The problem: The needed output is the run of lines below from the one containing "6 Swirly 2.2cm Coral Pink Vintage Buttons" through the one containing "香妮芬高贵优雅收腰中年妈妈连衣裙2025新款 春秋气质温柔风羊毛裙", copied exactly and free of pictures.

Extracted records:
____

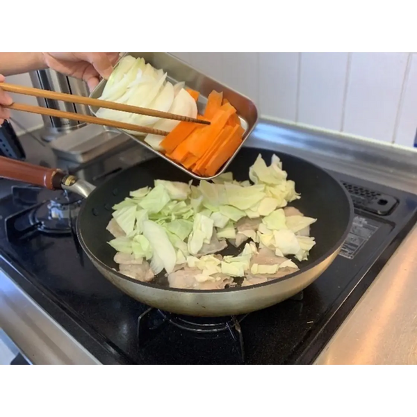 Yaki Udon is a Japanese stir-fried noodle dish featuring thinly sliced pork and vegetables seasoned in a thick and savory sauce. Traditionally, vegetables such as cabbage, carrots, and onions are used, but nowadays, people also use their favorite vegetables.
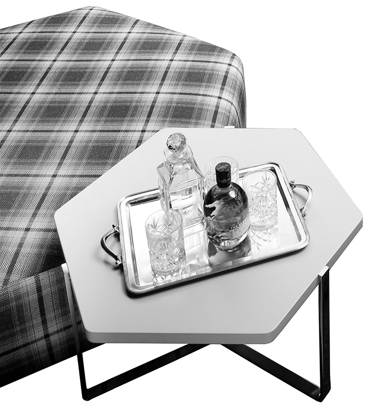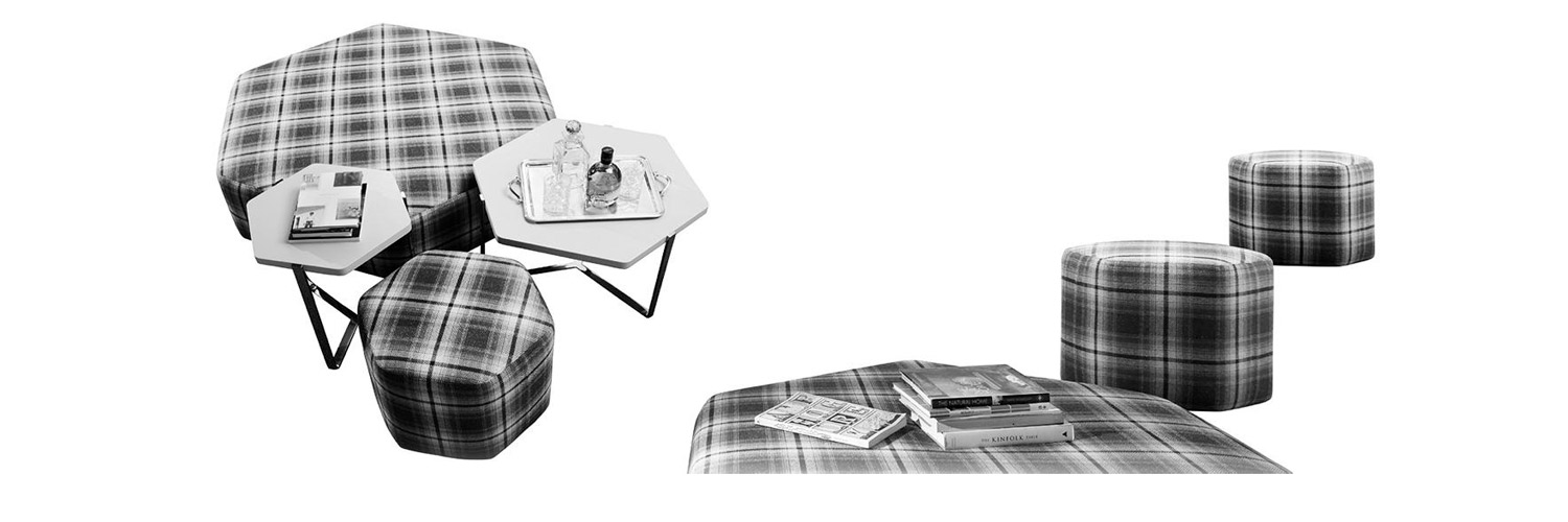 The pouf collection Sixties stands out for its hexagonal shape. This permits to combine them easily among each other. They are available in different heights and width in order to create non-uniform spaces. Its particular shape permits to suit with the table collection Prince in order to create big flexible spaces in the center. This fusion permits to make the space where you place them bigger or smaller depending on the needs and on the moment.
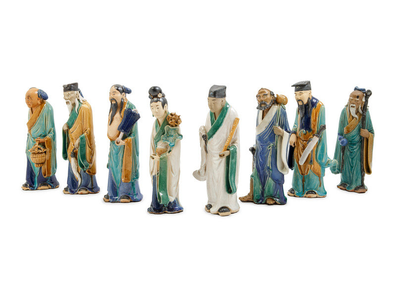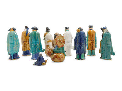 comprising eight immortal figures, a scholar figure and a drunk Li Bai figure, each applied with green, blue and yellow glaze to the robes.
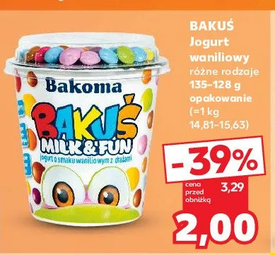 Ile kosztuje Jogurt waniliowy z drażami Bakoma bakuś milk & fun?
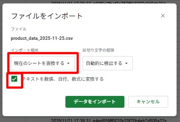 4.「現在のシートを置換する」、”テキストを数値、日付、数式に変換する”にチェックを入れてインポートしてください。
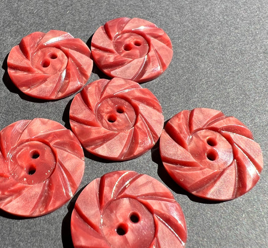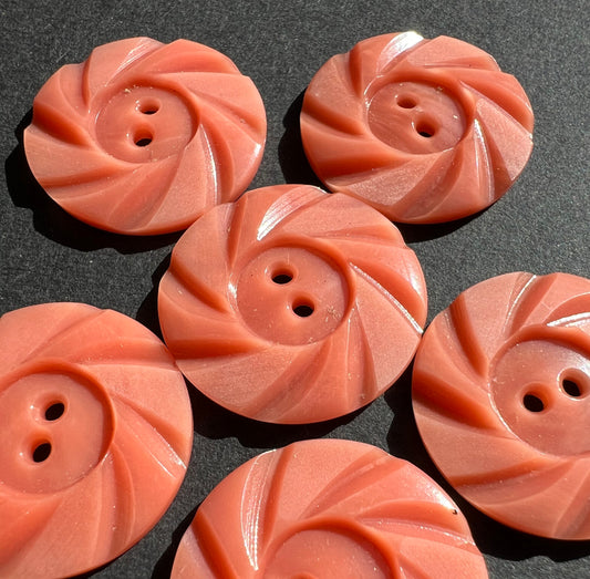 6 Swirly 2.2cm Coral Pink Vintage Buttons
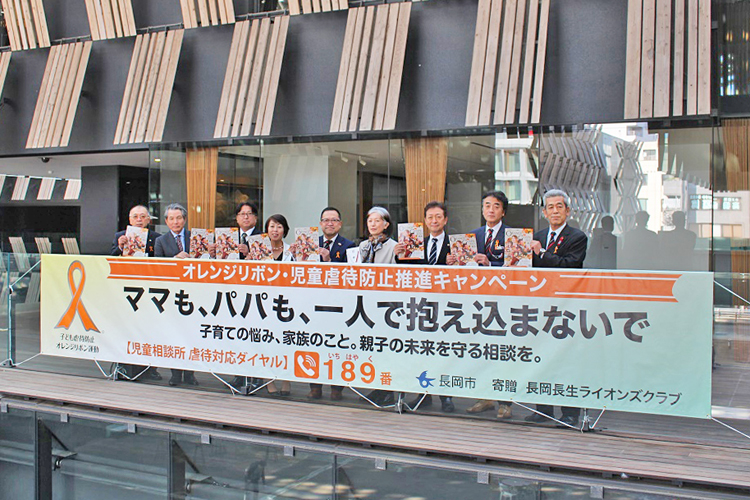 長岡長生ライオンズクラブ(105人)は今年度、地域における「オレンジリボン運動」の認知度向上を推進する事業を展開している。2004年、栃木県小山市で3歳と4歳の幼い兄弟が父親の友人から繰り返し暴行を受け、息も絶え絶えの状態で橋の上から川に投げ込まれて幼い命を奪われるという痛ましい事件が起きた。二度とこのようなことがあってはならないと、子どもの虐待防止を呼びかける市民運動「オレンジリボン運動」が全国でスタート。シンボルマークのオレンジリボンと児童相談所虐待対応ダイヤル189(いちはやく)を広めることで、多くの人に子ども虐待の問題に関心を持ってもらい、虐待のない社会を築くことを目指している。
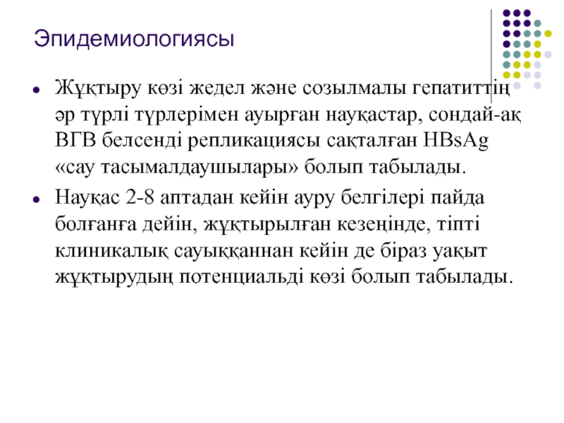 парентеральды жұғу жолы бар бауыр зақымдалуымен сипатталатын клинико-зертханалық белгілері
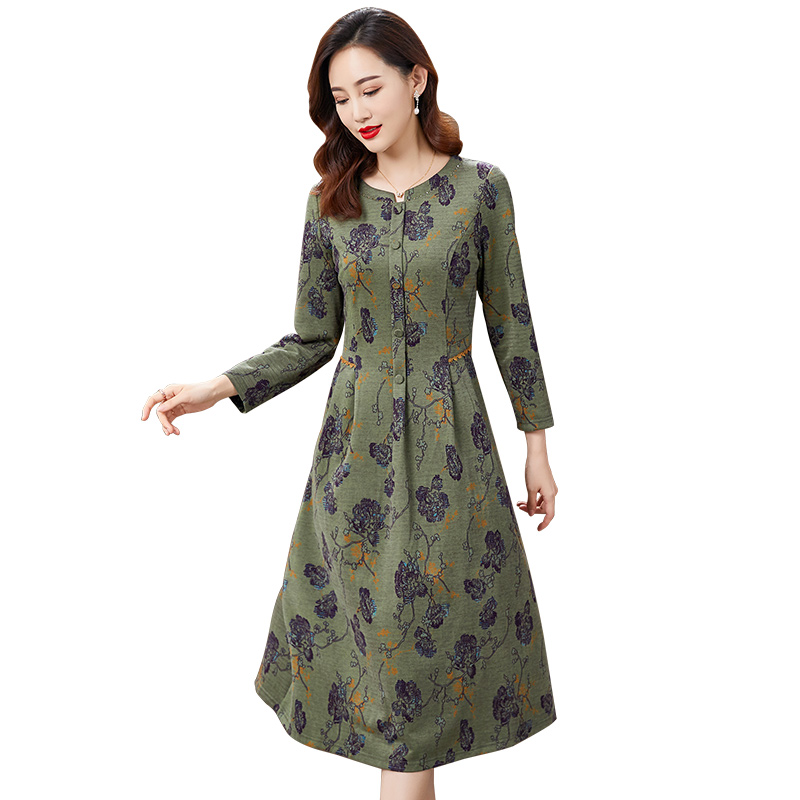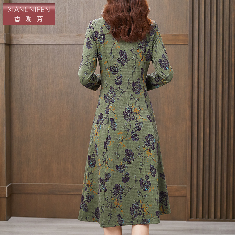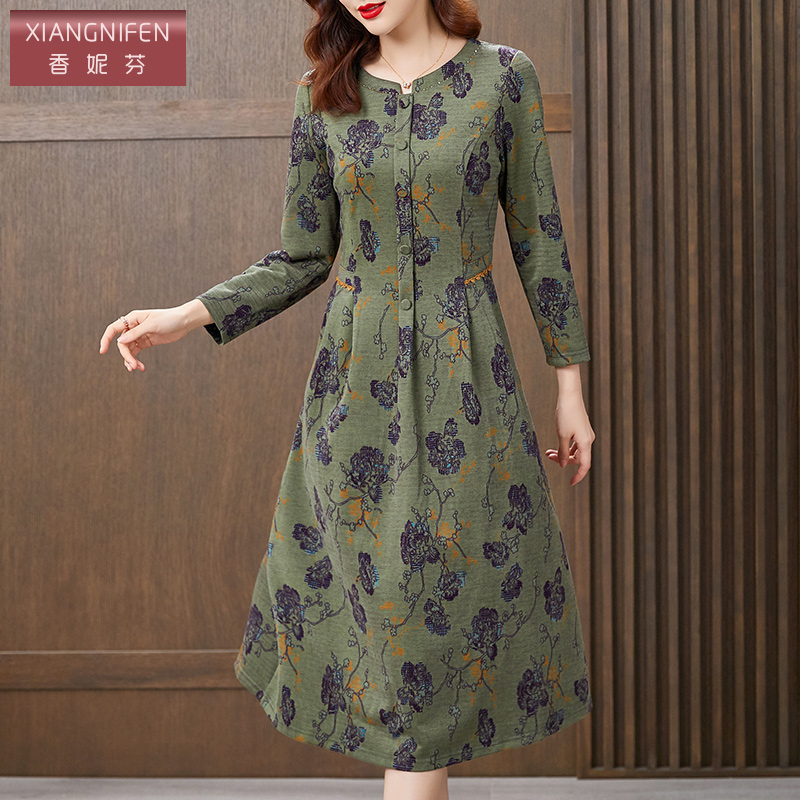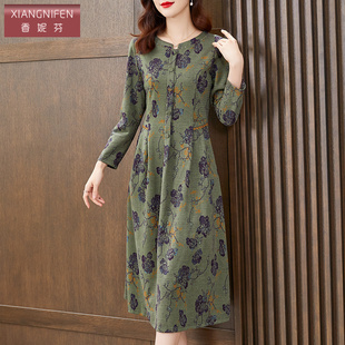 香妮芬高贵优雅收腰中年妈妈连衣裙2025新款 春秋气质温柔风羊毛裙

____

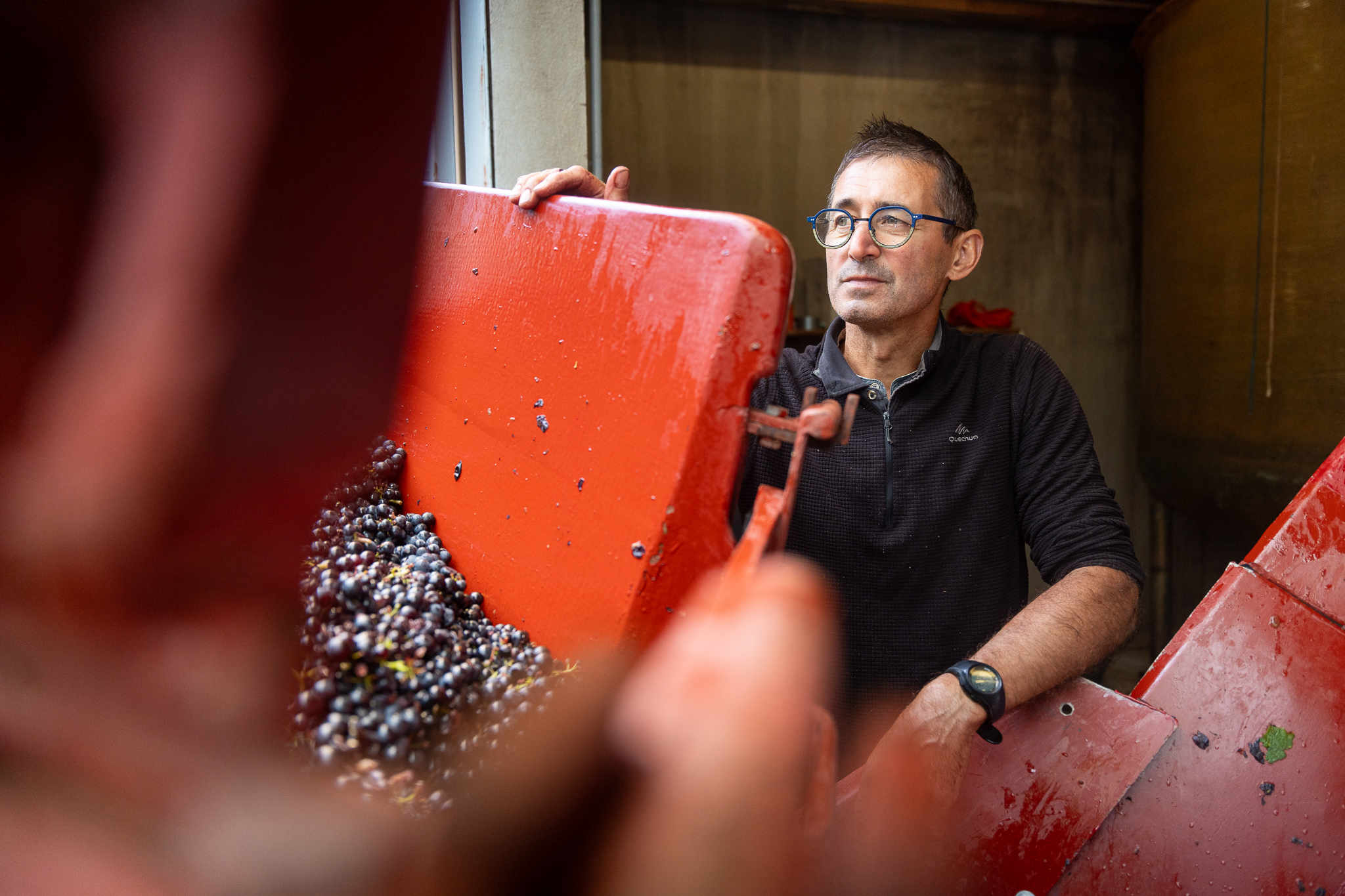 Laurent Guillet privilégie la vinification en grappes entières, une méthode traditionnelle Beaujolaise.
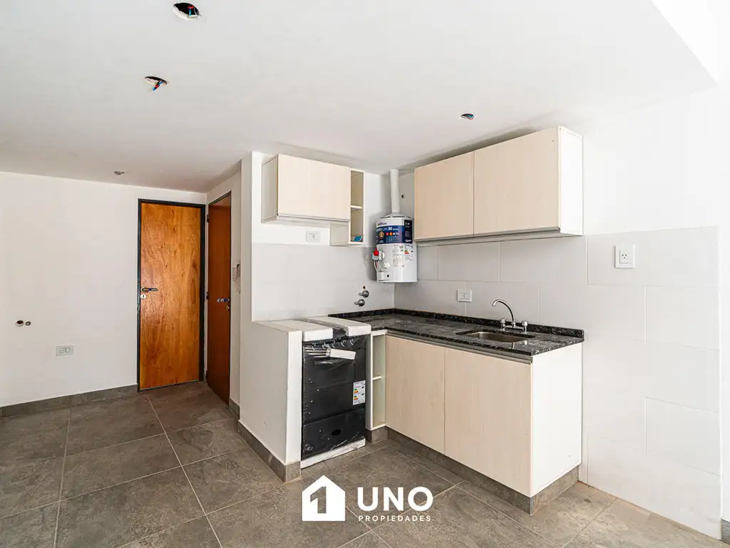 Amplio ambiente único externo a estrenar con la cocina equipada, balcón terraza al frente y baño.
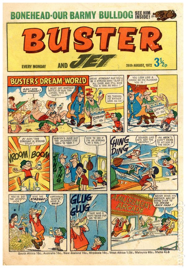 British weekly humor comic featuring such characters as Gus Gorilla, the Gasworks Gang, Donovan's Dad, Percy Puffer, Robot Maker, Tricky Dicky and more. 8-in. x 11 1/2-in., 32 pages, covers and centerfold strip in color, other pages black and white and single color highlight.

____

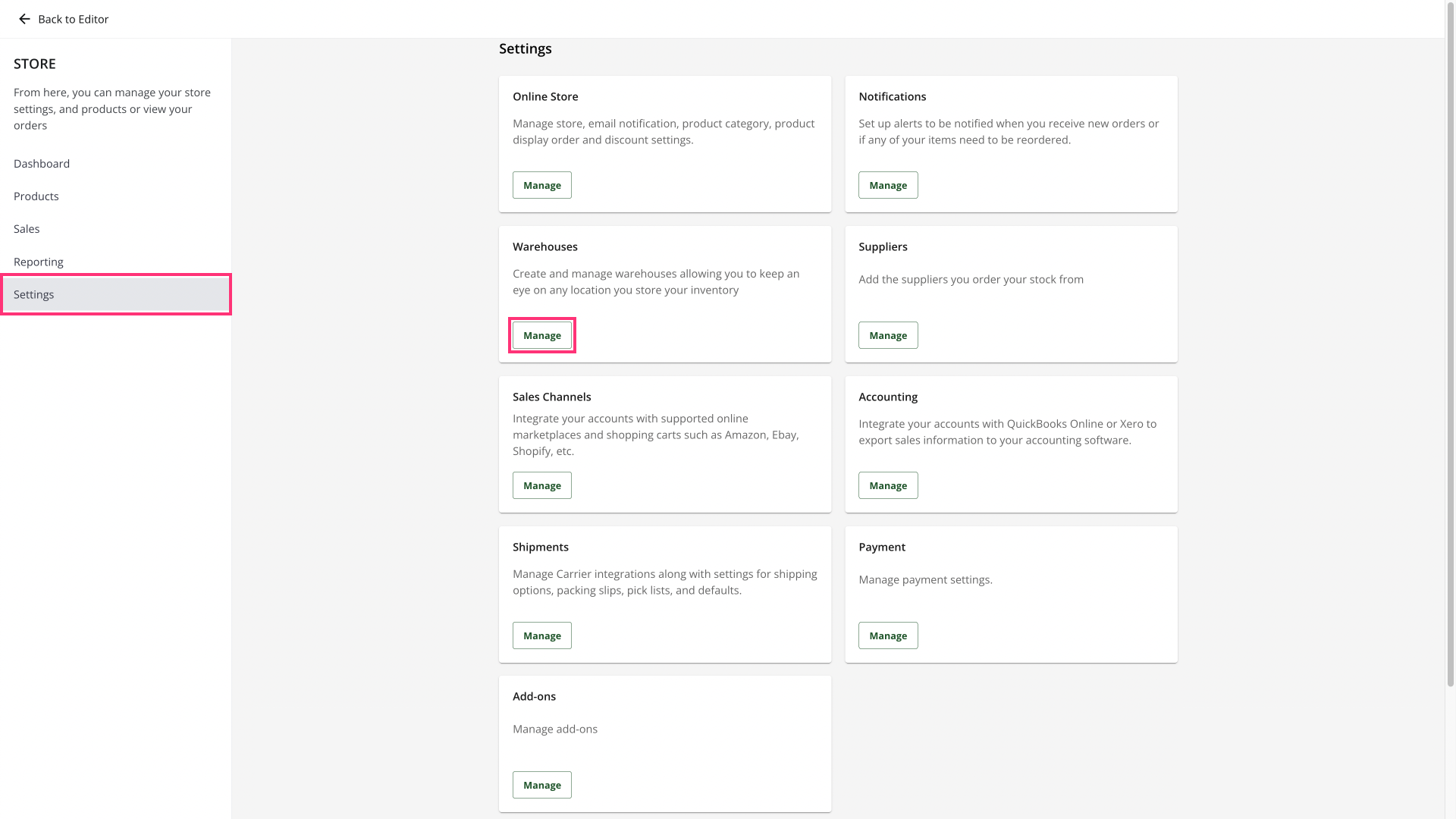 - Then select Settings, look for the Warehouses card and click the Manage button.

____

Solution to this exercise:
 6 Swirly 2.2cm Coral Pink Vintage Buttons
 長岡長生ライオンズクラブ(105人)は今年度、地域における「オレンジリボン運動」の認知度向上を推進する事業を展開している。2004年、栃木県小山市で3歳と4歳の幼い兄弟が父親の友人から繰り返し暴行を受け、息も絶え絶えの状態で橋の上から川に投げ込まれて幼い命を奪われるという痛ましい事件が起きた。二度とこのようなことがあってはならないと、子どもの虐待防止を呼びかける市民運動「オレンジリボン運動」が全国でスタート。シンボルマークのオレンジリボンと児童相談所虐待対応ダイヤル189(いちはやく)を広めることで、多くの人に子ども虐待の問題に関心を持ってもらい、虐待のない社会を築くことを目指している。
 парентеральды жұғу жолы бар бауыр зақымдалуымен сипатталатын клинико-зертханалық белгілері
 香妮芬高贵优雅收腰中年妈妈连衣裙2025新款 春秋气质温柔风羊毛裙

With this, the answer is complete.